Attention은 기계 번역을 할 때 문장에서 번역하고자 하는 언어의 모든 단어를 주목하는 것이 아니라, 어떤 특정 단어들을 중요하게 취급(주목, Attention)해야 하는지를 결정하기 위하여 개발되었다.

1.1. Attention Map

기존에는 순서가 존재하는 RNN(순차적으로 학습)의 Encoder와 Decoder를 이용하여 진행하였기 때문에 번역하고자 하는 언어의 단어와 번역된 언어의 단어간의 직접적인 관계를 파악하기 어려웠다.

Attention은 단어와 단어간의 직접적인 관계를 파악할 수 있으며, Attention Map 은 이것을 시각화 한 그림으로 단어의 흐름을 파악할 수 있다(흰색 -> Attention이 더 많이 들어가 있는 것).

출처: Bahdanau et al. 2015 “Neural machine translation by jointly learning to align and translate”

1.2. Mechanism

기존 모델에서는 Encoder에서 추출된 하나의 vector(전체 문장의 정보가 함축되어 있음)가 Decoder의 hidden state로 작동하였다. 수식적으로는 argmax(p(y|x))로 I am a student라는 문장이 입력되었을 때 Je suis etudiant라는 문장이 나올 확률을 가장 높일 수 있도록 y에 대한 parameter를 최적화하며 학습을 진행한다.

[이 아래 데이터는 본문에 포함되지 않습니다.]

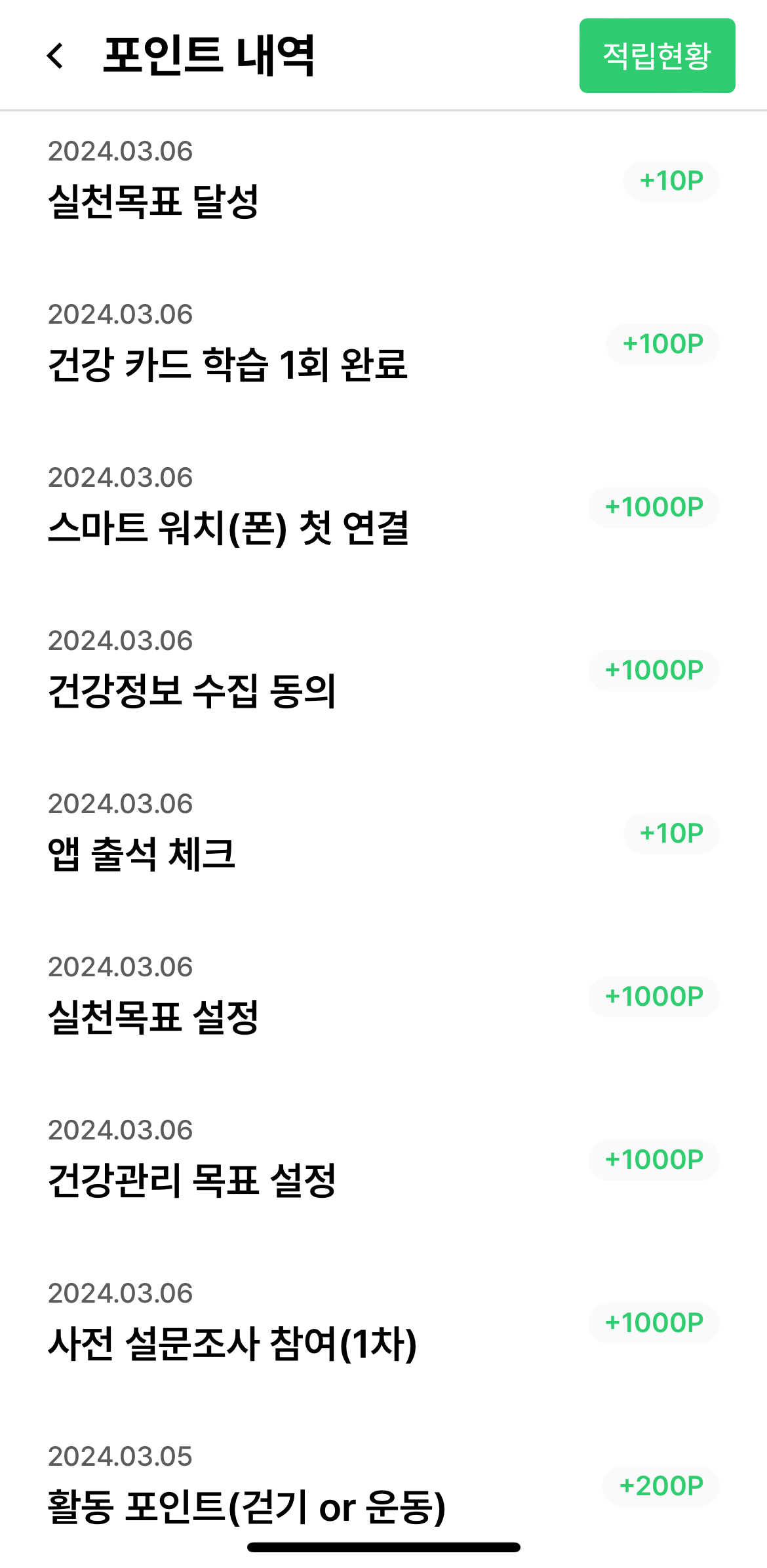 매일 적립 가능한 포인트 앱 시작과 동시 5000포인트 적립이 가능하고 매일 걷기 활동 200포인트와 식단기록(2끼 이상) 50 포인트, 실천목표달성 10포인트, 건강카드 학습 1회 100포인트, 앱 출석체크 10 포인트 총 370 포인트가 적립됩니다.

end vector 하나로 Decoder를 진행함으로써 발생하는 문제를 long-range dependency problem라고 하는데, 현재의 time step과 멀어지면 멀어질수록 정보의 손실이 커짐을 의미한다.

이러한 문제점을 해결하기 위하여 Attention 방법에서는 context vector를 만들어 전체 정보를 활용할 수 있도록 보완하였다. 아래 그림에서 볼 수 있듯 I am a student 문장에서의 모든 단어를 할용할 수 있도록 hidden state를 구성한다.

예를 들면 Je라는 단어에서 suis라는 단어를 예측할 때와 그리고 suis라는 단어에서 etudiant라는 단어를 예측할 때마다 context vector를 새롭게 계산하여 사용한다.

출처: https://www.tensorflow.org/images/seq2seq/attention_mechanism.jpg?hl=ko

Context vector를 계산하는 방법은 다음과 같다. 먼저 Ju라는 단어에 대하여 I, am, a, student 단어들(key)과 attention weight(유사도 개념으로 보통 Bahdanau Attention을 사용)을 계산한다.

계산된 weight를 이용하여 I, am, a, student 단어들(value)과 다시 가중합을 구하고 이를 convext vector로 사용하여 다음에 올 단어가 무엇인지 예측한다. 그리고 이 과정을 반복하여 수행한다.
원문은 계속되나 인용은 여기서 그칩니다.